The 4th International AIDS Society Conference on HIV Pathogenesis, Treatment, and Prevention was held in Sydney, Australia, July 22 to 25, 2007

The 4th International AIDS Society Conference on HIV Pathogenesis, Treatment, and Prevention was held in Sydney, Australia, July 22 to 25, 2007. This biennial conference drew more than 5000 attendees from more than 130 countries. Among the 1835 presentations were a number that discussed the metabolic syndrome associated with HIV infection. Notable among them were those that talked about the changing face of metabolic disorders seen in HIV-infected patients.

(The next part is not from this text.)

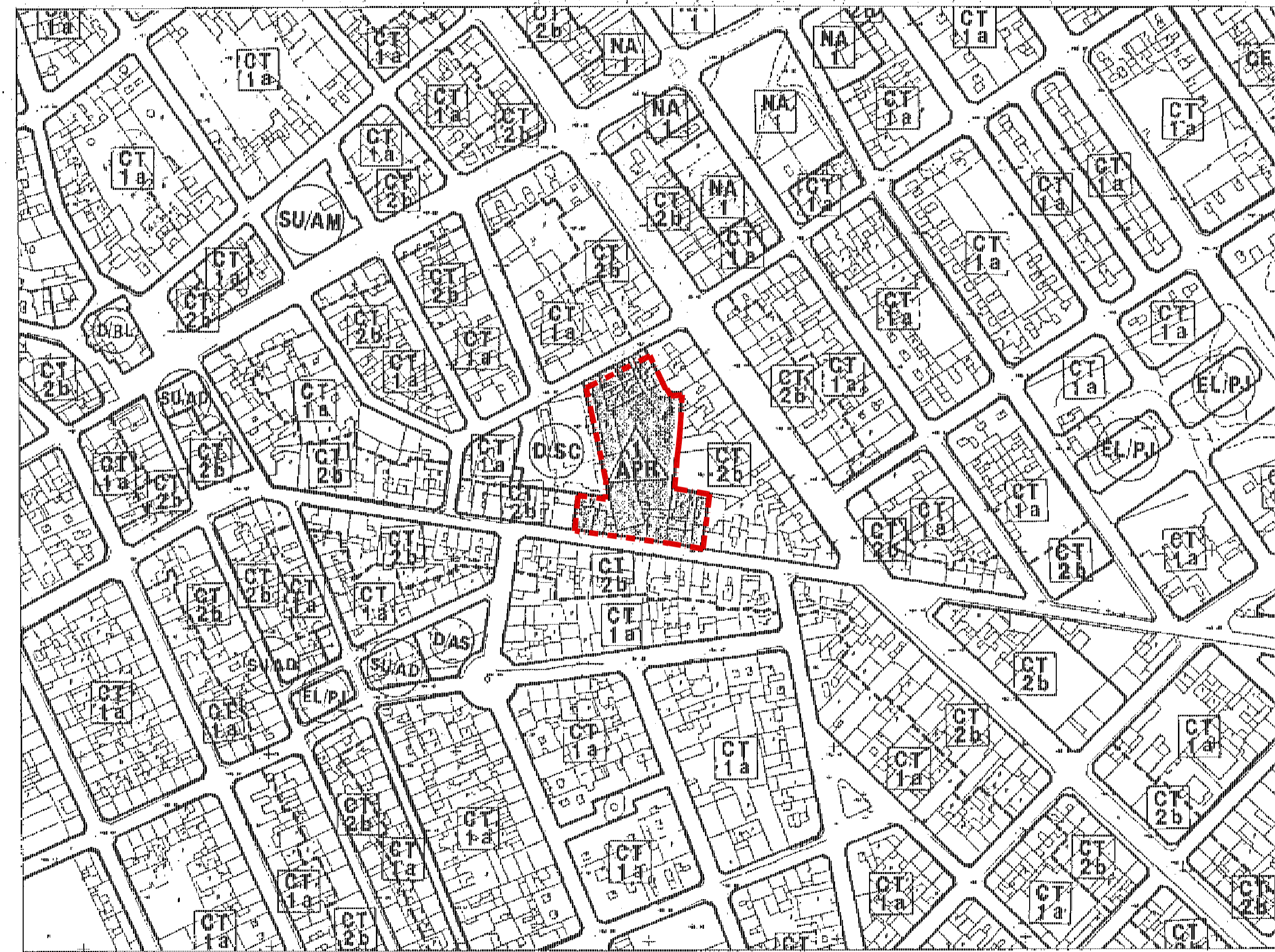
CALIFICACION SEGUN PLAN GENERAL

Lipodystrophy: Not What It Used to Be
Nguyen and associates1 summed up these changes in their poster discussion titled “Lipodystrophy Is Not What It Used to Be: Data From the Swiss HIV Cohort Study.” The Swiss HIV Cohort included more than 14,000 patients, approximately 4000 of whom were treated with potent antiretroviral therapy and then observed at 6-month intervals.

The researchers reported that antiretroviral treatments are changing, and that these changes may affect lipodystrophy. For instance, the decreased use of stavudine was expected to reduce the incidence of lipoatrophy, while lipohypertrophy, thought to be associated with protease inhibitors, might cause weight gain in the cohort.

They tracked the frequency of physician-diagnosed lipodystrophy and weight changes between 2003 and 2006 in relation to the use of specific drugs. Treatments and reasons for regimen changes were recorded, and at each visit, patients were given scores for fat accumulation, fat loss, or neither. The researchers selected patients with a body mass index greater than 20 for men and greater than 18 for women, identified those who gained more than 5 kg over 6 months (cases), and compared them with those who had not gained more than 5 kg (controls).

From 2003 to 2006, the percentage of patients taking stavudine decreased from 14.2% to 3.6%; indinavir, from 3.4% to 0.7%; and nelfinavir, from 15.8% to 5.5%. The percentage of patients taking lopinavir remained stable (22%) and increased for atazanavir (from 2.9% to 21.5%). The annual prevalence of weight gain greater than 5 kg remained stable at about 7%, but the relative frequency of treatment change related to lipodystrophy decreased from 2.25% to 1.0% of visits. In each year from 2003 to 2006, case patients (weight gain of more than 5 kg) were more likely than controls to take lopinavir or atazanavir (P < .001). In multivariate logistic regression analysis, atazanavir and lopinavir were associated with weight gain of more than 5 kg. With the same analysis, exposures to atazanavir, indinavir, nelfinavir, efavirenz, nevirapine, and abacavir were associated with fat accumulation, while stavudine, ritonavir, abacavir, and efavirenz were associated with fat loss (all results, P < .01).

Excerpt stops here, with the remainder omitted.